アジア地域における経済成長のダイナミズム

桑原 哲
上席研究員

アジア経済統合、FTA/EPA、東アジア共同体などの話題が世の中をにぎわせている。2005年12月は、日中韓、ASEANに印、豪、NZも交えて初めての東アジアサミットが開かれる。

アジア経済の高い成長率の秘訣はなにか?

過去40年程の間の地域別の経済成長パフォーマンスを比較すると、東アジア地域は明らかに相対的に高いパフォーマンスを示してきた。“何がこの差を生み出しているのか”というテーマに対して、これまでさまざまなアプローチが行われてきた。アジア各国の文化的・制度的な多様性は、説明変数の組み合わせを非常に複雑なものにした面がある。こうしたなかで、それまで比較的否定的な評価を受けていたのが、再評価されたものもある。たとえば政府が果たした役割は、途上国研究において以前は否定的な評価を受けることが多かった。しかし東アジア経済の研究では、NIES諸国における所得分配の改善、ASEAN諸国におけるマクロ政策への政治的中立性等、政府や官僚組織の果たした役割についてラテン・アメリカとの違いを念頭に置いたと思われる肯定的な評価がしばしば行われた。比較制度論的アプローチの発達が、東アジア諸国の政府や制度の果たした役割をより深く考察する上で、果たした役割は非常に大きい。93年に世界銀行から出版された「東アジアの奇跡」は、比較的伝統的な分析手法に基づいたものであるが、それまでの“何がこの差を生み出しているのか”というテーマに対する集大成的な存在であると言えなくもない。

成長率の秘訣は同じではない?

しかし、「東アジアの奇跡」で示されたHPAEs(1965年から1990年にかけて高い経済パフォーマンスを生み出した日本と香港、韓国、シンガポール、台湾の「4匹の虎」並びにインドネシア、マレーシア、タイの新興工業国を合わせた8カ国)の“高い成長を生み出した主要な要因”のなかで、最も重要なものとみなされた“成長の果実の公正・平等な分配”は現在の中国やインドの状況を説明する上であまり説得力を持っていない。同様に積極的な評価を受けた“政府の果たした役割”も中国、インドではある程度の妥当性は否定できないとしても殊更取り上げるほどでもないように思える。少なくとも“審議会”のような官民を結ぶネットワークが富の分配メカニズムにおけるレント・シーキングが機能する領域の縮小と競争が機能する領域の拡大をもたらしたような形跡はあまり見られない。
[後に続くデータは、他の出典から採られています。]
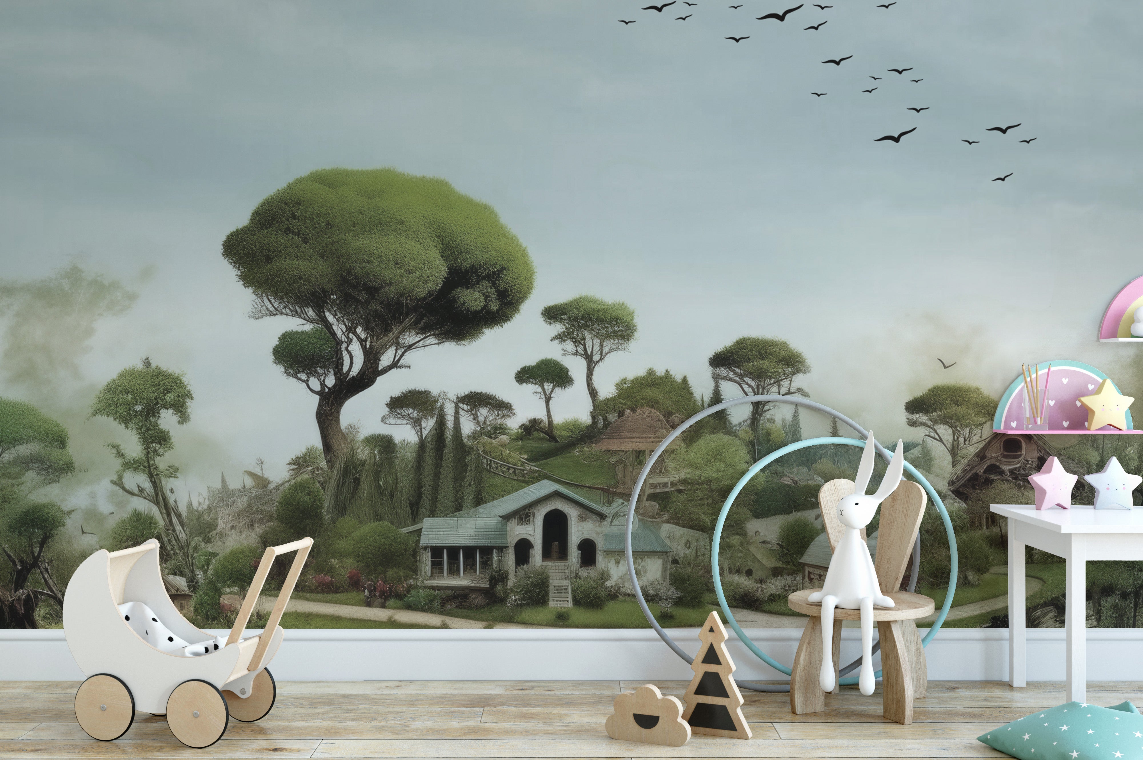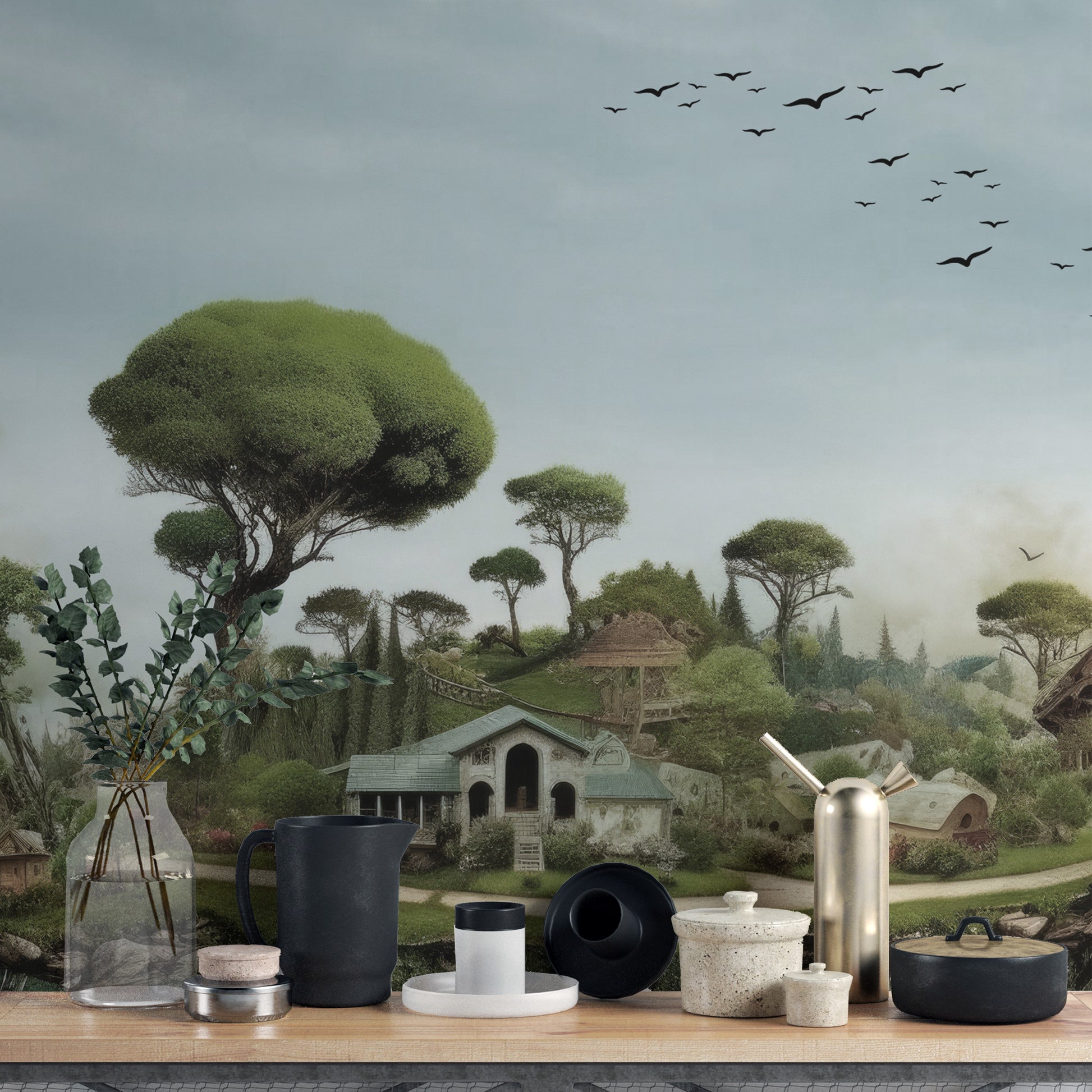 The mystical glade wall mural is a picturesque portrayal of an untouched haven where nature and quaint dwellings coexist perfectly. This piece of art invites the onlooker into a landscape where time slows, and the outside world gently fades away. It's a canvas where every tree, cottage, and winding path tells a silent story. As a backdrop, it doesn't merely adorn a wall but becomes a window to a world of serene beauty, encouraging moments of quiet contemplation and imagination. The mural stands as a testament to the beauty of pastoral life, offering a visual retreat to anyone who gazes upon its peaceful vista.

80年代から90年代の初めにかけて、HPAEs各国の政策、特に日本と「4匹の虎」の過去実施した政策を学び、一部を導入しようという動きがASEAN、中国等の国々に広がっていった。日本の当時の政策担当者や企業経営者の多くも日本の過去の経験を中国や東南アジア各国の経済発展と企業の発展に役立てることに大変熱心であった。確かに東南アジア諸国や中国はその後、高い経済成長を遂げているが、そのメカニズムは日本のそれと全く異なる。

最近ではアジアの成長パターンを直接投資主導型のものととらえる見方が強くなってきている。直接投資をレバレッジにした成長パターンはASEAN諸国には当てはまるが、日本と「4匹の虎」の半分である韓国、台湾には全く当てはまらない。ASEANや中国の経済成長において直接投資の果たした役割が非常に大きなものであることは、ほぼ認識を共有されつつあり、多国籍企業の役割、生産工程の国際的分散立地、産業集積形成といったメカニズムが、これらの地域の成長メカニズムを説明する上で重要な要素とみなされるようになってきている。

ASEANや中国の経済成長の“秘訣”が、直接投資の活用であり、多国籍企業の生産工程の国際的分散立地や産業集積の形成等によるところが大きいとすれば、直接投資の中心的な役割を念頭に置いた産業集積形成を生み出す政策(多国籍企業に対する期待形成の働きかけが無視できない重要性を持つと思われる)という日本、韓国、台湾ではうまくいかなかった、少なくともあまり経験しなかった政策が成長を目指すうえで重要なポイントになってくる。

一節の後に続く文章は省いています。